[[ THE DATA, beginning ]]
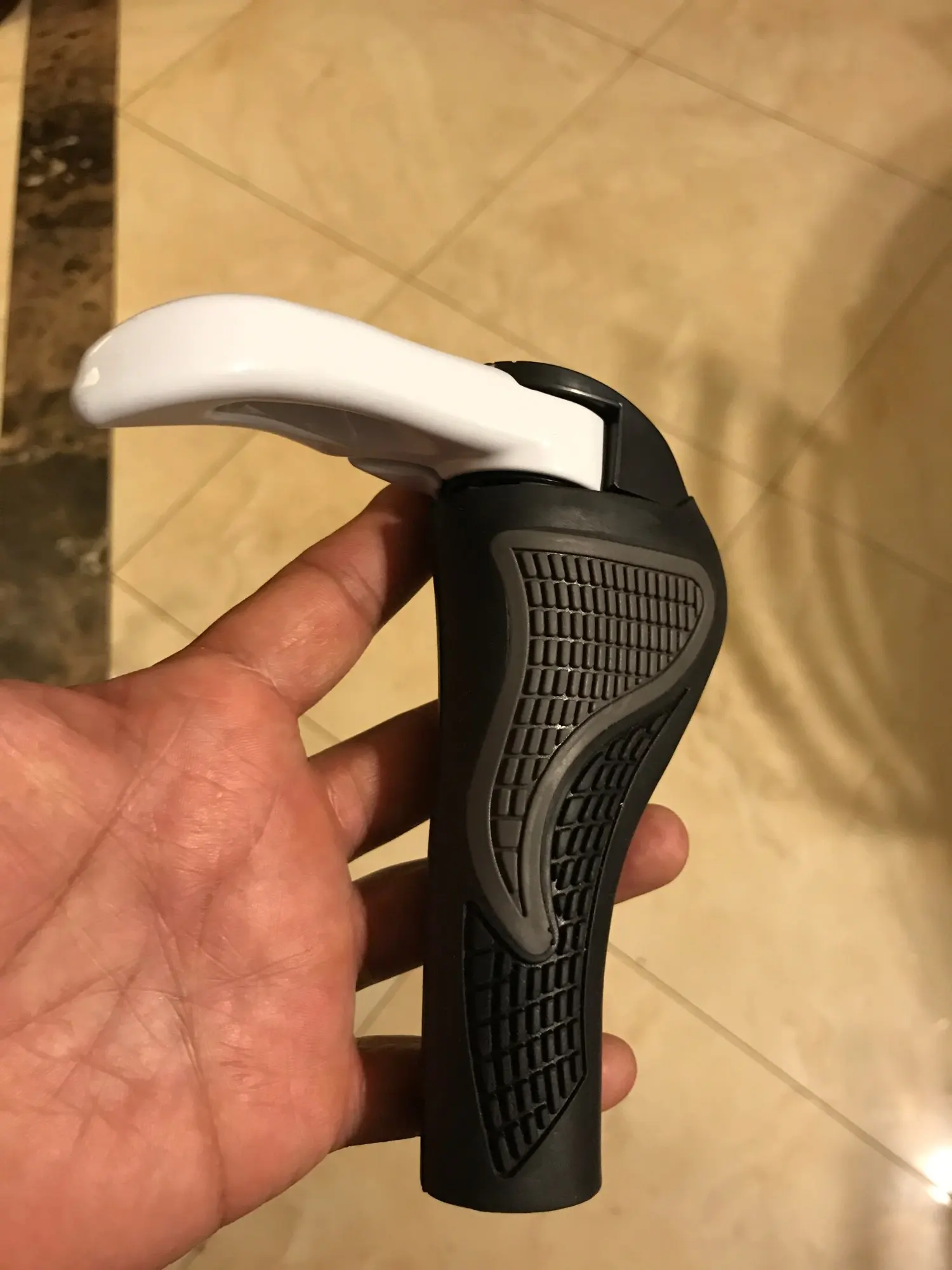 Ручки выглядят супер, не крутятся. Хват рук на велосипедных ручках удобный. Регулировка, крепления - на высоте. Все удобно и просто! Спасибо продавцу.
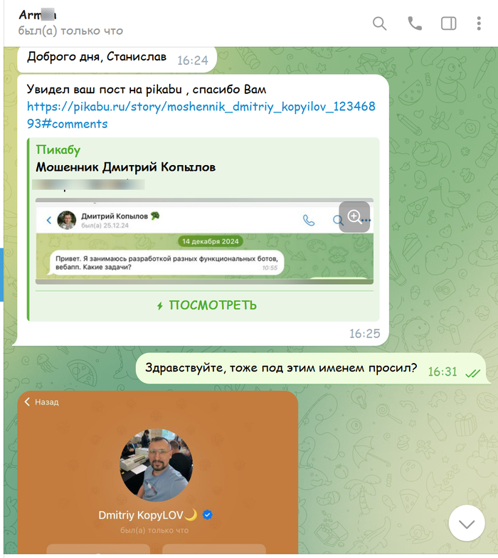 Четвёртый — скинул профиль «Dmitriy KopyLOV» с галочкой верификации. К нему персонаж тоже заходил с предложением разработки.
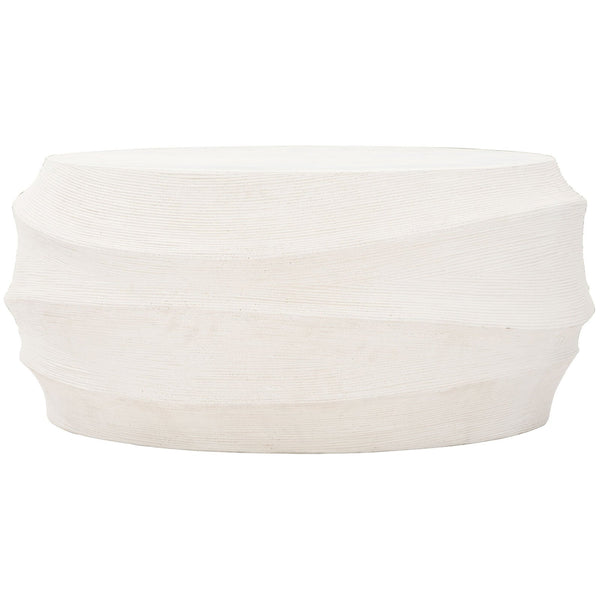 - Crafted from natural stonecast in a white finish, the Kai cocktail table offers shape and movement with a coastal vibe.
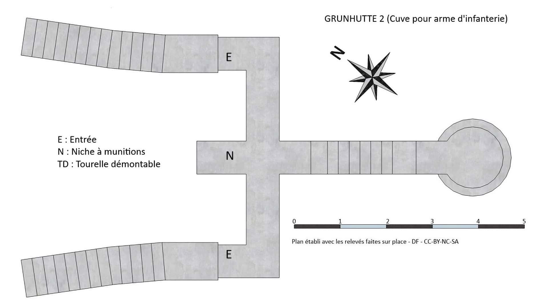 Le blockhaus est composé d'une coupole bétonnée type 7° région, d'une galerie d'accès avec deux entrées arrières.
[[ THE DATA, end ]]
● REQUIRED ACTION: Retype the data shown above exactly, excluding any picture it contains.

● FINISHED EXERCISE:
 Ручки выглядят супер, не крутятся. Хват рук на велосипедных ручках удобный. Регулировка, крепления - на высоте. Все удобно и просто! Спасибо продавцу.
 Четвёртый — скинул профиль «Dmitriy KopyLOV» с галочкой верификации. К нему персонаж тоже заходил с предложением разработки.
 - Crafted from natural stonecast in a white finish, the Kai cocktail table offers shape and movement with a coastal vibe.
 Le blockhaus est composé d'une coupole bétonnée type 7° région, d'une galerie d'accès avec deux entrées arrières.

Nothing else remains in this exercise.